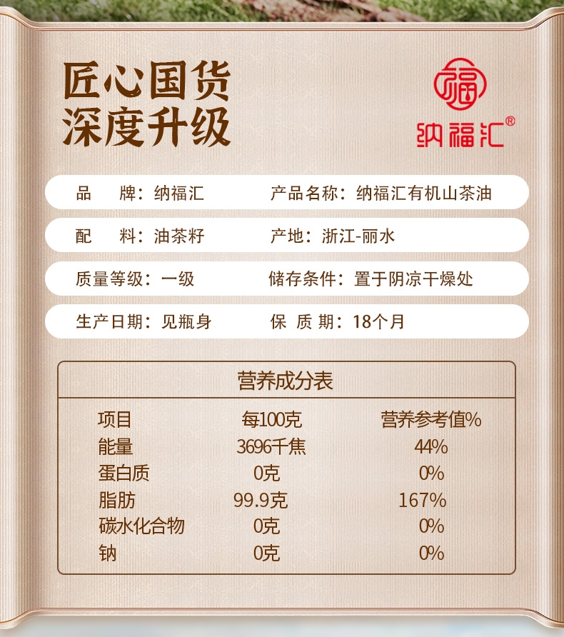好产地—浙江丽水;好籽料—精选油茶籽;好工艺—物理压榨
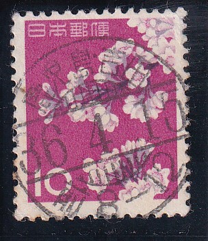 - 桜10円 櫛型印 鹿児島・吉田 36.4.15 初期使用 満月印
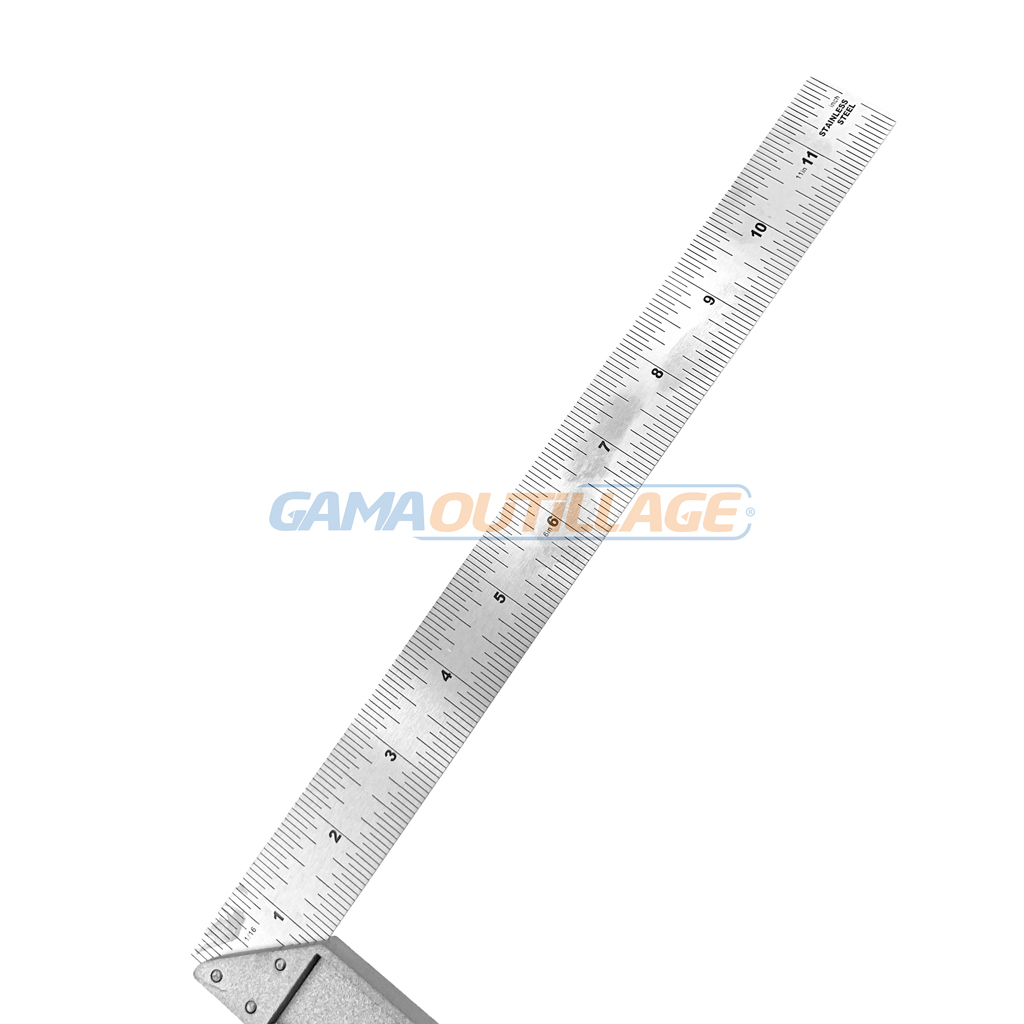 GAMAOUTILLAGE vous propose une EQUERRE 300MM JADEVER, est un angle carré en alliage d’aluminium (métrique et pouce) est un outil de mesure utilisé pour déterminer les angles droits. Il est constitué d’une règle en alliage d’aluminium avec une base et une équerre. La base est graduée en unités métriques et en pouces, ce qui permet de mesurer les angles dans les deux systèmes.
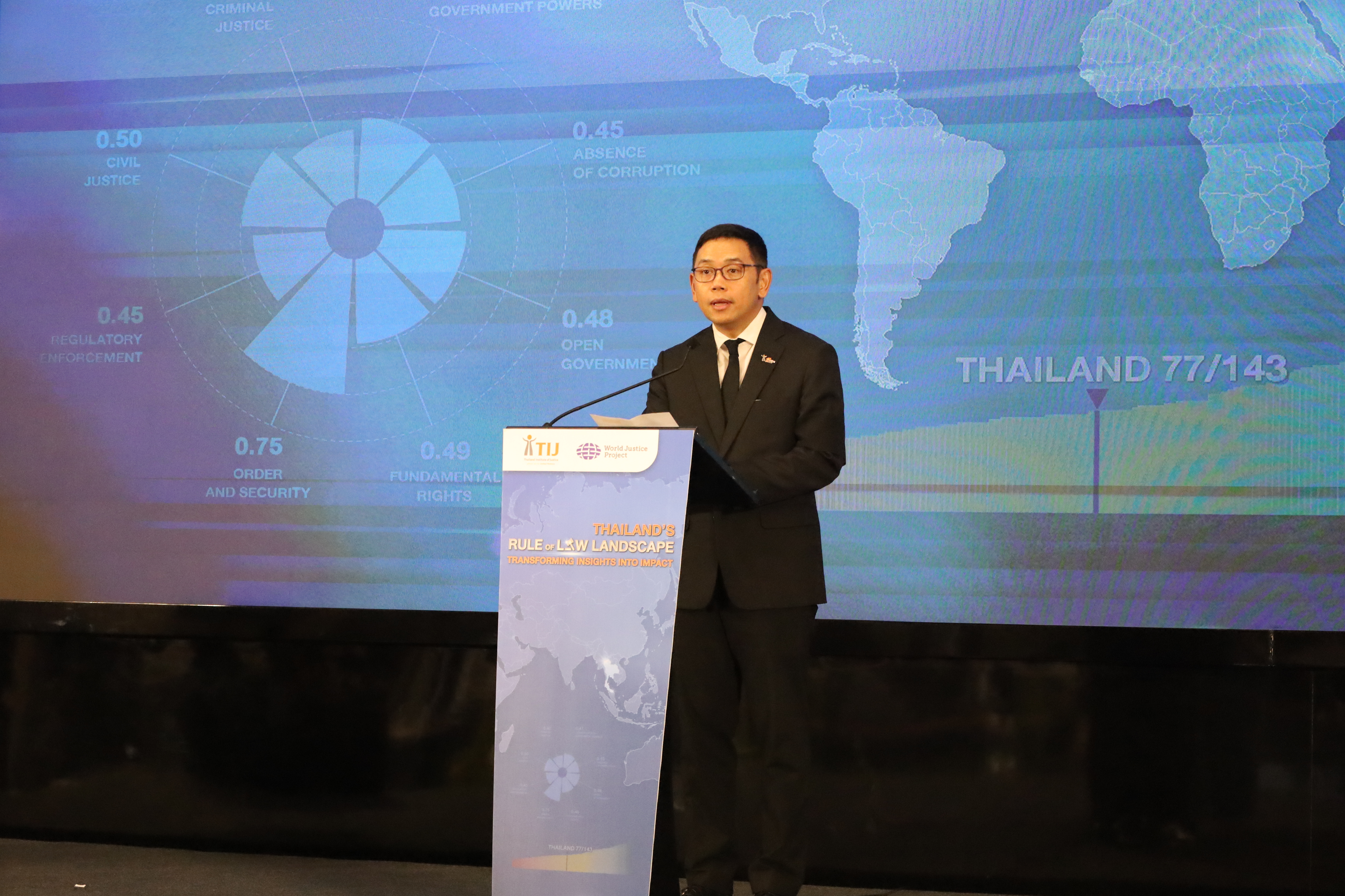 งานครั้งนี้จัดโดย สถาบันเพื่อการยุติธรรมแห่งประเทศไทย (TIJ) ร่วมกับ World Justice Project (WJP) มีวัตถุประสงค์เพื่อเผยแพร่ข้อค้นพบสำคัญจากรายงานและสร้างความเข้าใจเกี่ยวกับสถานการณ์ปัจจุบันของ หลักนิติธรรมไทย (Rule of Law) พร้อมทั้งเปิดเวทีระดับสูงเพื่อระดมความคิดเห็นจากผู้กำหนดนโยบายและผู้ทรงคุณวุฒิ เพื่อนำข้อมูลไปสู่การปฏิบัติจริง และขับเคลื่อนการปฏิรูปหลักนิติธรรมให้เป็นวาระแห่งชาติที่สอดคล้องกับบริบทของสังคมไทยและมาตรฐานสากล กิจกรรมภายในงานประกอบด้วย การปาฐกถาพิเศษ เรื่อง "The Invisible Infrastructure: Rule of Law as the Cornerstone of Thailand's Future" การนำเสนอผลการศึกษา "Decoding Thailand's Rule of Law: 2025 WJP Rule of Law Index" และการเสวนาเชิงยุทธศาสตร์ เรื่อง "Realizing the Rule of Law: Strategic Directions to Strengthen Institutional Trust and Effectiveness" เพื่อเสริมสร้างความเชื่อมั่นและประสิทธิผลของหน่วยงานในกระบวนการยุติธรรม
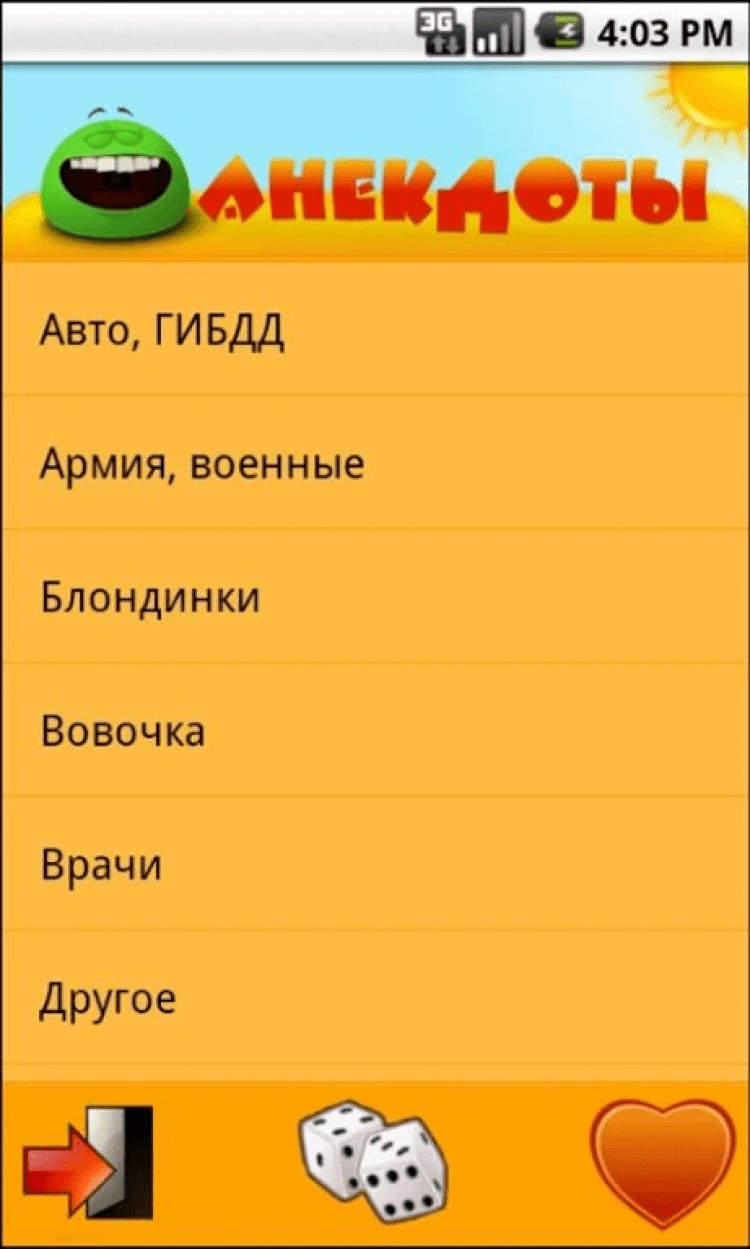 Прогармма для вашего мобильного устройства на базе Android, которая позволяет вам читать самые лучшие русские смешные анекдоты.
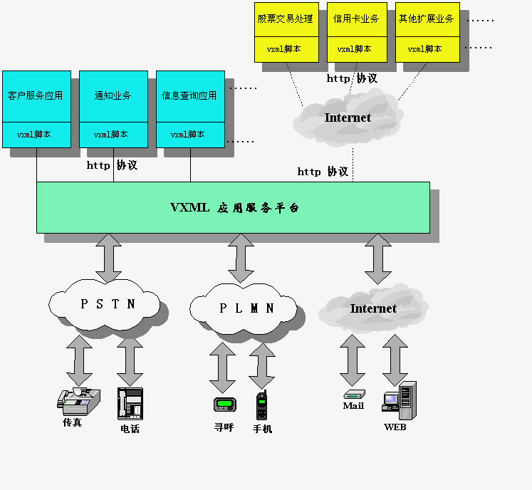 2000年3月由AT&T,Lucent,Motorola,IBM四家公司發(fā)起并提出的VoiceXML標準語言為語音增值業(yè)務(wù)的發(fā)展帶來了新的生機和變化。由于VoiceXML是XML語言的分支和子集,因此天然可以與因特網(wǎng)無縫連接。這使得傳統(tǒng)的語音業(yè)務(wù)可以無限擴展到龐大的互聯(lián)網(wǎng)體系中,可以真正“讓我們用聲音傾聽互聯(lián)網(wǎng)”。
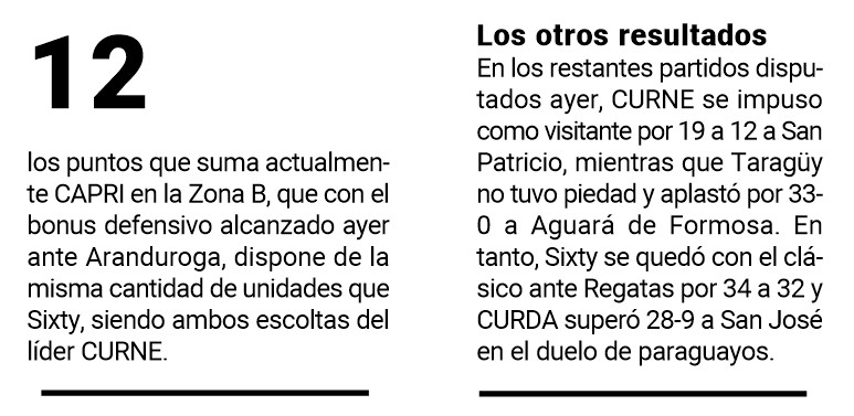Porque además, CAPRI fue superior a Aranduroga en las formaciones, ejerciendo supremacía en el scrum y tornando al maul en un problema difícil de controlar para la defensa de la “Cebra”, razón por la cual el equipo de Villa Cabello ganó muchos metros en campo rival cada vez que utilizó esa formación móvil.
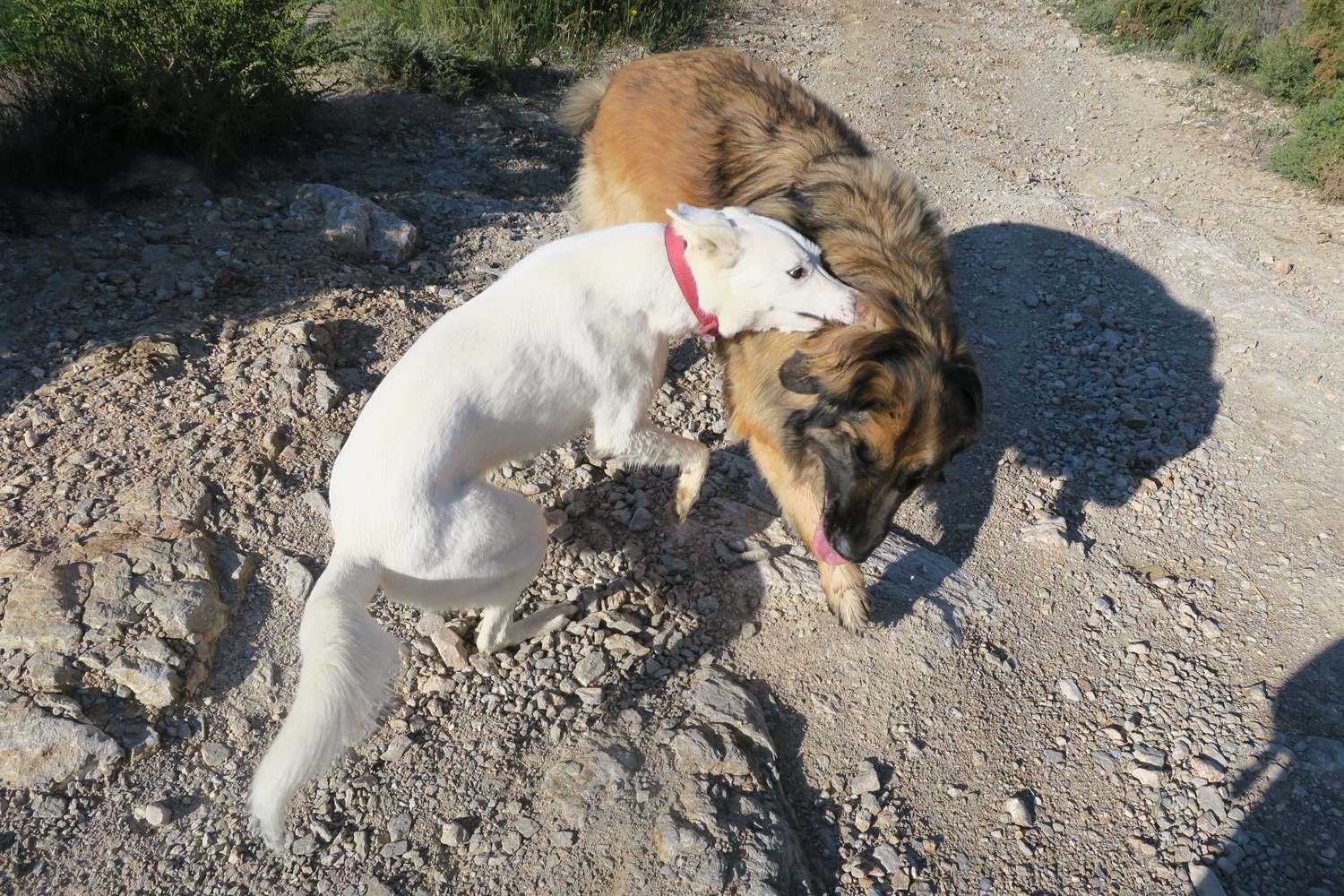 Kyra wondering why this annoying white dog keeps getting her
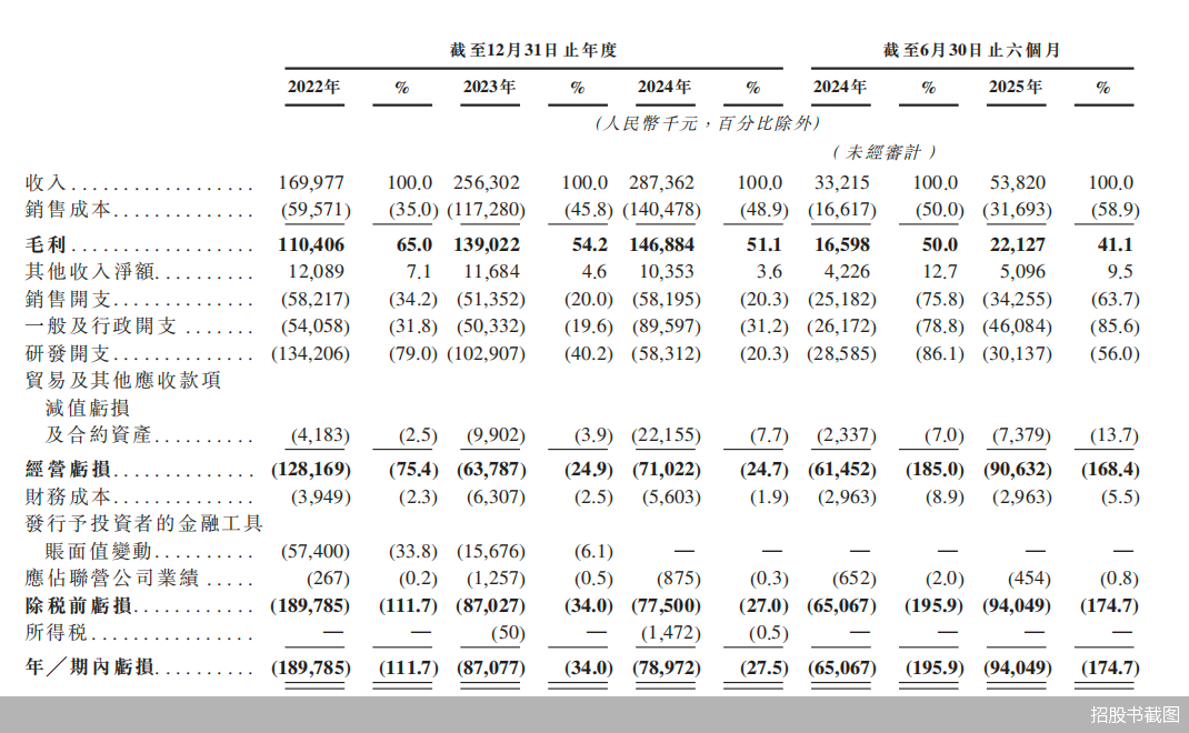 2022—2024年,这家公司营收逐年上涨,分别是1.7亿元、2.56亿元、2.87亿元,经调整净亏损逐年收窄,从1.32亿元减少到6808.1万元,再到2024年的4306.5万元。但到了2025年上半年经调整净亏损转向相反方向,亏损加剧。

----

### TASK STATEMENT
Each record above is to be copied exactly. Drop the pictures.

### TASK ANSWER
好产地—浙江丽水;好籽料—精选油茶籽;好工艺—物理压榨
 - 桜10円 櫛型印 鹿児島・吉田 36.4.15 初期使用 満月印
 GAMAOUTILLAGE vous propose une EQUERRE 300MM JADEVER, est un angle carré en alliage d’aluminium (métrique et pouce) est un outil de mesure utilisé pour déterminer les angles droits. Il est constitué d’une règle en alliage d’aluminium avec une base et une équerre. La base est graduée en unités métriques et en pouces, ce qui permet de mesurer les angles dans les deux systèmes.
 งานครั้งนี้จัดโดย สถาบันเพื่อการยุติธรรมแห่งประเทศไทย (TIJ) ร่วมกับ World Justice Project (WJP) มีวัตถุประสงค์เพื่อเผยแพร่ข้อค้นพบสำคัญจากรายงานและสร้างความเข้าใจเกี่ยวกับสถานการณ์ปัจจุบันของ หลักนิติธรรมไทย (Rule of Law) พร้อมทั้งเปิดเวทีระดับสูงเพื่อระดมความคิดเห็นจากผู้กำหนดนโยบายและผู้ทรงคุณวุฒิ เพื่อนำข้อมูลไปสู่การปฏิบัติจริง และขับเคลื่อนการปฏิรูปหลักนิติธรรมให้เป็นวาระแห่งชาติที่สอดคล้องกับบริบทของสังคมไทยและมาตรฐานสากล กิจกรรมภายในงานประกอบด้วย การปาฐกถาพิเศษ เรื่อง "The Invisible Infrastructure: Rule of Law as the Cornerstone of Thailand's Future" การนำเสนอผลการศึกษา "Decoding Thailand's Rule of Law: 2025 WJP Rule of Law Index" และการเสวนาเชิงยุทธศาสตร์ เรื่อง "Realizing the Rule of Law: Strategic Directions to Strengthen Institutional Trust and Effectiveness" เพื่อเสริมสร้างความเชื่อมั่นและประสิทธิผลของหน่วยงานในกระบวนการยุติธรรม
 Прогармма для вашего мобильного устройства на базе Android, которая позволяет вам читать самые лучшие русские смешные анекдоты.
 2000年3月由AT&T,Lucent,Motorola,IBM四家公司發(fā)起并提出的VoiceXML標準語言為語音增值業(yè)務(wù)的發(fā)展帶來了新的生機和變化。由于VoiceXML是XML語言的分支和子集,因此天然可以與因特網(wǎng)無縫連接。這使得傳統(tǒng)的語音業(yè)務(wù)可以無限擴展到龐大的互聯(lián)網(wǎng)體系中,可以真正“讓我們用聲音傾聽互聯(lián)網(wǎng)”。
Porque además, CAPRI fue superior a Aranduroga en las formaciones, ejerciendo supremacía en el scrum y tornando al maul en un problema difícil de controlar para la defensa de la “Cebra”, razón por la cual el equipo de Villa Cabello ganó muchos metros en campo rival cada vez que utilizó esa formación móvil.
 Kyra wondering why this annoying white dog keeps getting her
 2022—2024年,这家公司营收逐年上涨,分别是1.7亿元、2.56亿元、2.87亿元,经调整净亏损逐年收窄,从1.32亿元减少到6808.1万元,再到2024年的4306.5万元。但到了2025年上半年经调整净亏损转向相反方向,亏损加剧。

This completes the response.